MATERIAL PROVIDED =>
=== Begin Enclosure ===

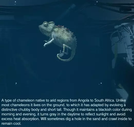 它并不像你想象的那么罕见,可能是稀有度为【不常见】的动物中最容易获得的。提示:在多岩石区域发现。 稀有度:不常见 位置:非洲 获取方式:陷阱 纳米比亚变色龙
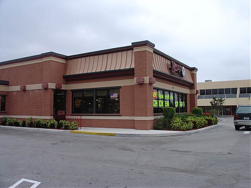 Well, let's start things off with a picture of the prototype. I'm pretty much going to based it on this Wendy's, but I've already had to make some changes to fit the building within it's alloted space of 8" x 10". This will likely be alongside the gas station.
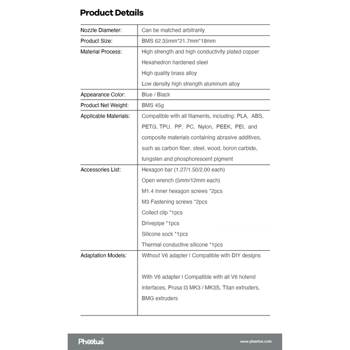 Hier sind einige technische Spezifikationen des Phaetus Dragonfly Hot-End BMS:

=== End Enclosure ===

EXERCISE DIRECTIONS => Leave every picture out and set down exactly the lines running from the one with "Well, let's start" to the last line of the material above.

YOUR RESPONSE =>
 Well, let's start things off with a picture of the prototype. I'm pretty much going to based it on this Wendy's, but I've already had to make some changes to fit the building within it's alloted space of 8" x 10". This will likely be alongside the gas station.
 Hier sind einige technische Spezifikationen des Phaetus Dragonfly Hot-End BMS:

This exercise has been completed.